皇帝一结束祭祀便匆匆赶回宫,没见着心心念念的老师,得知老师得了风寒,离宫回了温府,又调转了车马,结果被拒在了寝门外,脸阴沉得可怖。
周围下人哗啦啦跪了一片。
门内,温崇善脸色苍白,压制着喉咙的痒意,闷闷咳嗽两声,说道:“陛下一路辛劳,回去休息吧。”
门外,皇帝用着和表情截然不同的温柔声音撒娇:“老师,让我看看你,不然我放不下心,好不好,老师?”
温崇善本是虚靠在塌上的,见着门上虚影晃动,蹙眉站起来,在皇帝抬手推门前,落了门闩。
听到声音那一瞬,虚影似是愣住了。
接着是不可置信的声音,“老师?”
这几个动作已然让温崇善额角发汗,他强撑着口气劝道:“……陛下要以龙体为重,林儿,送陛下出去。”
跪在皇帝脚边的小林儿颤颤巍巍地,在皇帝近乎要杀人的目光下,将头埋得更低了。
温崇善没听见回话,刚要再说什么,却见一个身影推窗翻入,瞧清楚了是谁,温大人一口气险些没续上,脸瞬间冷了。
“霍琰!”
温崇善很少直呼皇帝大名,这会儿有些气急,顾不上君臣之礼,还想再批两句,却被皇帝拦腰抱起来,放到了床榻上,摘了鞋,裹进了衾被中。

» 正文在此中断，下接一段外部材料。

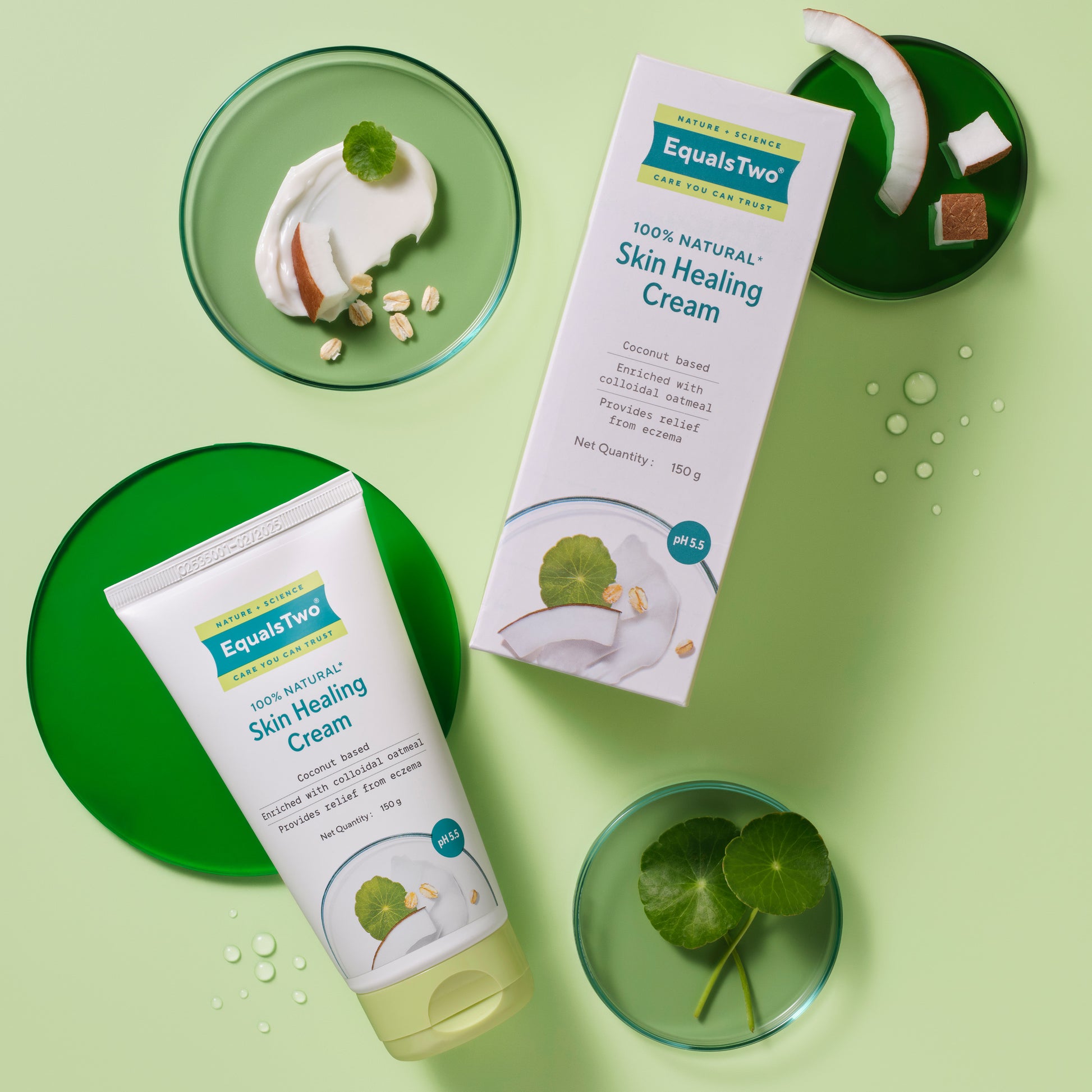 EqualsTwo Skin healing cream is a 100% Natural coconut based cream enriched with natural ingredients which help in reducing dryness and provide relief from eczema

他想再训时,看到皇帝红了的眼圈,又说不出伤人的话了。
“陛下既然已见到了,便回去吧,若是染上了病,头疾越发要不好了。”
“老师别赶我走。”皇帝充耳不闻似的,只一味地握着温崇善的手,贴在自己火热的脸颊上。
温崇善被抓得手滚烫,想抽回来却抽不动,只好就着这奇怪的姿势继续说话:“不是赶你,等老师好些了,自然会去找你。”
皇帝这倔脾气也不是一天两天了,任凭温崇善再怎么劝,就跟个柱子似的杵在那里,纹丝不动。
温崇善刚服下药不久,本就困顿不已,被皇帝捂着手,躺在厚实的被褥里,很快就昏睡了过去。
皇帝盯着人不放,等他的呼吸逐渐绵长,更加放肆地用目光描摹他的脸庞。
微红的眼尾,轻蹙起的眉,微微发汗的鼻尖,再往下,是形状饱满但苍白的嘴唇。
房外跪着的下人们一动不敢动,不知多久过后,里面终于传出了点动静,皇帝抱着裹得严实的温大人迈出了房门。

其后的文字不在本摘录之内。